Every run saves a result. For successful runs, that result can also serve as the proof artifact, handoff artifact, or review artifact.
Prove It
The core pattern. An agent makes a claim — "this function handles edge cases." Instead of asserting, it proves.
How it works:
- Agent defines the edge cases and expected outputs
- Agent implements the function in a fresh sandbox and runs every case
- Final step asserts every result and returns a verdict
In a successful Prove It run, the result shows the cases, actual outputs, pass flags, and final verdict. That run's JSON is the proof artifact you can share.
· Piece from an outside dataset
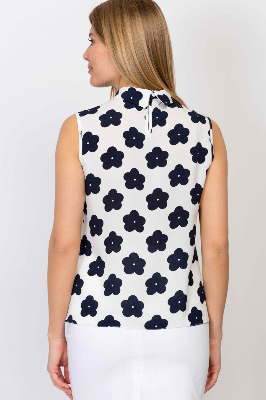 Легкая блузка с воротником-стойкой. Ткань светлая с ярким цветочным принтом темно-синего цвета. На горловине мягкие складки, сзади застегивается на пуговицу. Очень комфортная модель, неприхотливая в носке, не мнется. Хорошо подойдет для офиса, сочетается с однотонными юбками классического кроя.

const out = await lab.runChain([
{
name: "Spec",
body: `
return {
cases: [
{ input: "$1,234.56", expected: 1234.56 },
{ input: "free", expected: null },
{ input: null, expected: null },
],
};
`,
capabilities: []
},
{
name: "Implement + test",
body: `
function parseAmount(raw) {
if (!raw) return null;
const n = parseFloat(String(raw).replace(/[^\d.\-]/g, ""));
return Number.isNaN(n) ? null : Math.round(n * 100) / 100;
}
return input.cases.map((c) => {
const actual = parseAmount(c.input);
return { ...c, actual, pass: actual === c.expected };
});
`,
capabilities: []
},
{
name: "Verdict",
body: `
const results = input;
return {
verdict: results.every((r) => r.pass) ? "PASS" : "FAIL",
score: results.filter((r) => r.pass).length + "/" + results.length,
};
`,
capabilities: []
},
]);
// Agent's response: "Proof JSON: $LAB_URL/results/<resultId>.json"When to use: Before shipping generated code. Before claiming correctness. Whenever "it works" needs to become "here's the receipt."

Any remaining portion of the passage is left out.